From the line with "A centrally located" through the line with "[MARINE]. [MILITARIA]. BORDELAIS.", inclusive, return each line of the data below exactly and leave the rest out.

SUPPLIED INFORMATION:
* * * * * * * * *
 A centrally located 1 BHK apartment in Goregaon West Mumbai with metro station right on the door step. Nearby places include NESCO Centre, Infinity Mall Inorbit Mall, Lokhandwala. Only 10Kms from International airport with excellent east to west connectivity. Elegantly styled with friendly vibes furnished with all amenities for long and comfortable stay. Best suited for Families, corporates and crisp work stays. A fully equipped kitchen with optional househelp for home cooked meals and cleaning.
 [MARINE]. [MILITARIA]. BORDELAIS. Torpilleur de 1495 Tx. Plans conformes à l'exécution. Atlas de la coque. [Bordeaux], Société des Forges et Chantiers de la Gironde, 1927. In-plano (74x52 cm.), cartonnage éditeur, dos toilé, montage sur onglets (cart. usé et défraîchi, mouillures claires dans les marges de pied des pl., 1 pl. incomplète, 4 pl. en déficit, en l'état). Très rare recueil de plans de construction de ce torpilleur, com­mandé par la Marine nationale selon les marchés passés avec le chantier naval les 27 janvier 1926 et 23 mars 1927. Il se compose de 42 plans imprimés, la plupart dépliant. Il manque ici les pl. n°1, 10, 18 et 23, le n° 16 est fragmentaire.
* * * * * * * * *
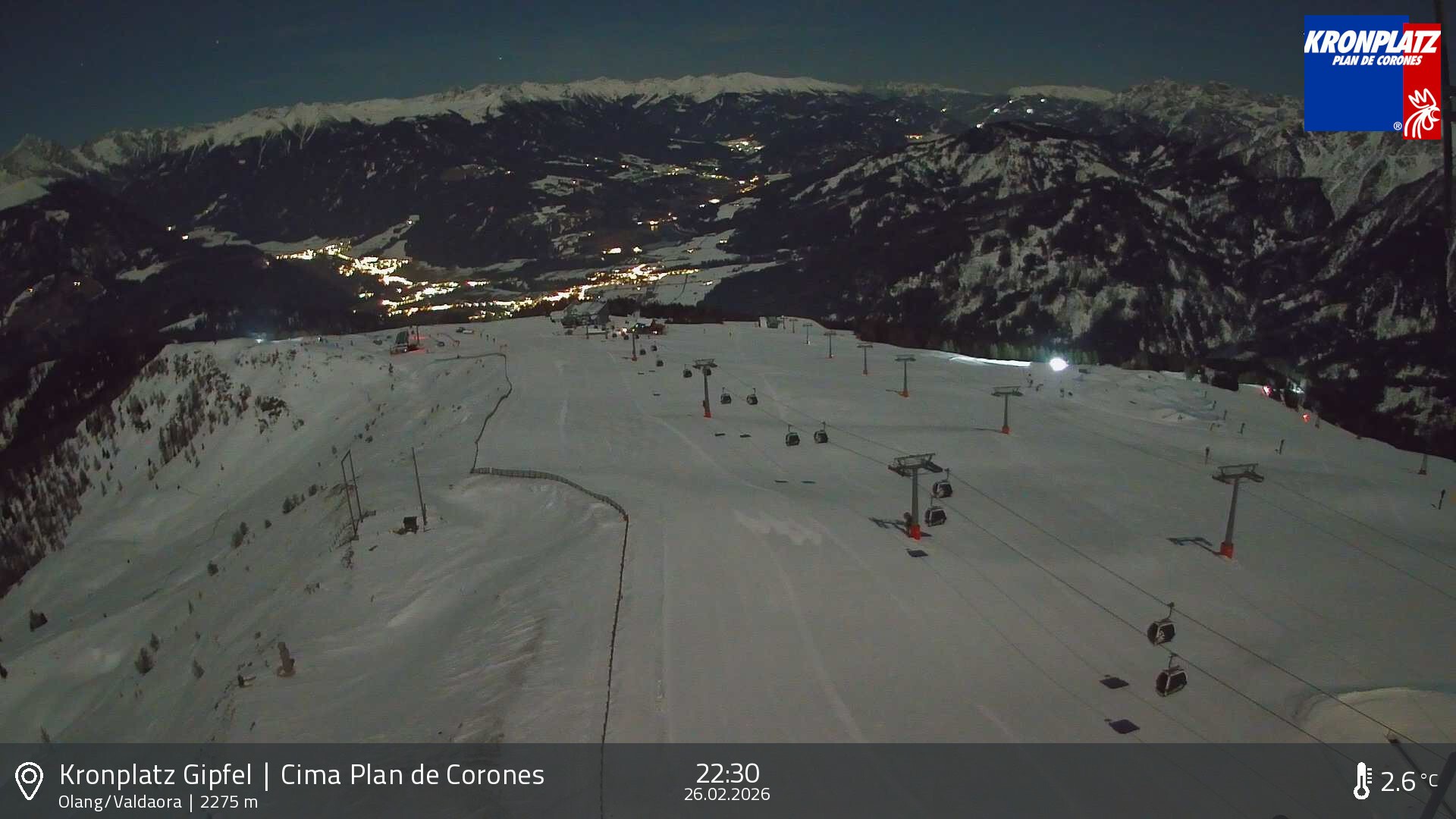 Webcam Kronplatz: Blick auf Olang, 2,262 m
* * * * * * * * *
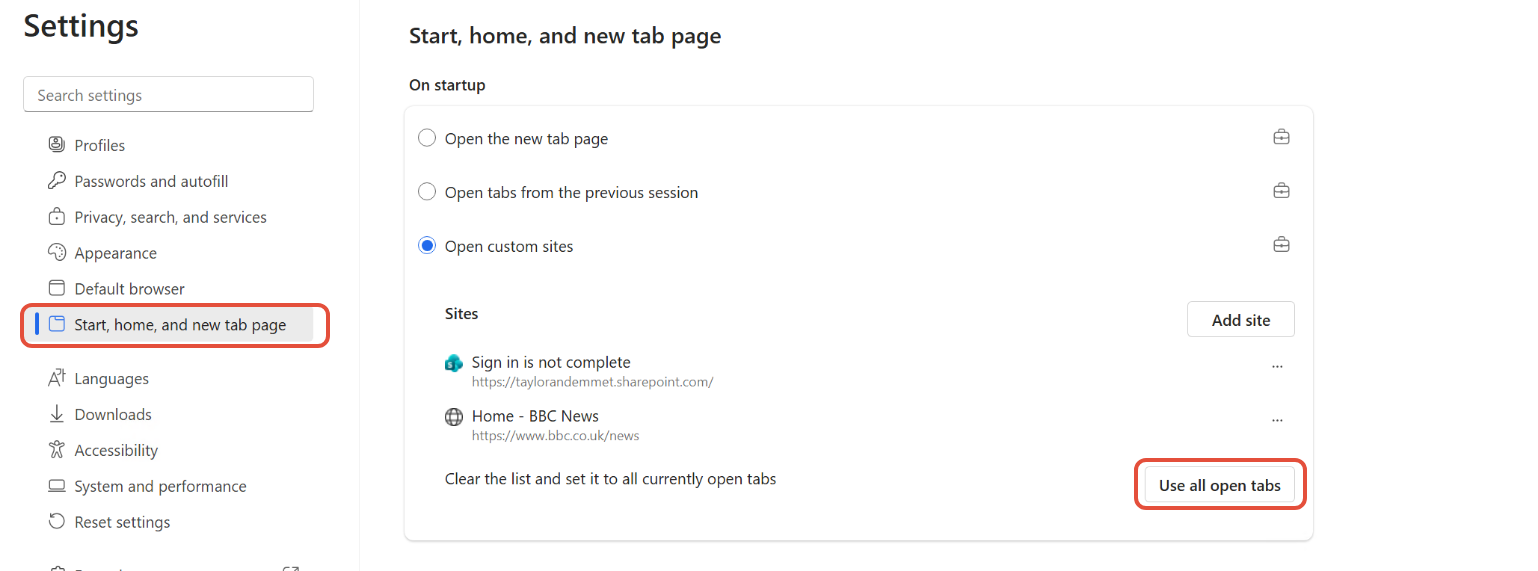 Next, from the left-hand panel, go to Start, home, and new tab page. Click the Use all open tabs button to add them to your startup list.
* * * * * * * * *
RESPONSE TO THIS TASK:
 A centrally located 1 BHK apartment in Goregaon West Mumbai with metro station right on the door step. Nearby places include NESCO Centre, Infinity Mall Inorbit Mall, Lokhandwala. Only 10Kms from International airport with excellent east to west connectivity. Elegantly styled with friendly vibes furnished with all amenities for long and comfortable stay. Best suited for Families, corporates and crisp work stays. A fully equipped kitchen with optional househelp for home cooked meals and cleaning.
 [MARINE]. [MILITARIA]. BORDELAIS. Torpilleur de 1495 Tx. Plans conformes à l'exécution. Atlas de la coque. [Bordeaux], Société des Forges et Chantiers de la Gironde, 1927. In-plano (74x52 cm.), cartonnage éditeur, dos toilé, montage sur onglets (cart. usé et défraîchi, mouillures claires dans les marges de pied des pl., 1 pl. incomplète, 4 pl. en déficit, en l'état). Très rare recueil de plans de construction de ce torpilleur, com­mandé par la Marine nationale selon les marchés passés avec le chantier naval les 27 janvier 1926 et 23 mars 1927. Il se compose de 42 plans imprimés, la plupart dépliant. Il manque ici les pl. n°1, 10, 18 et 23, le n° 16 est fragmentaire.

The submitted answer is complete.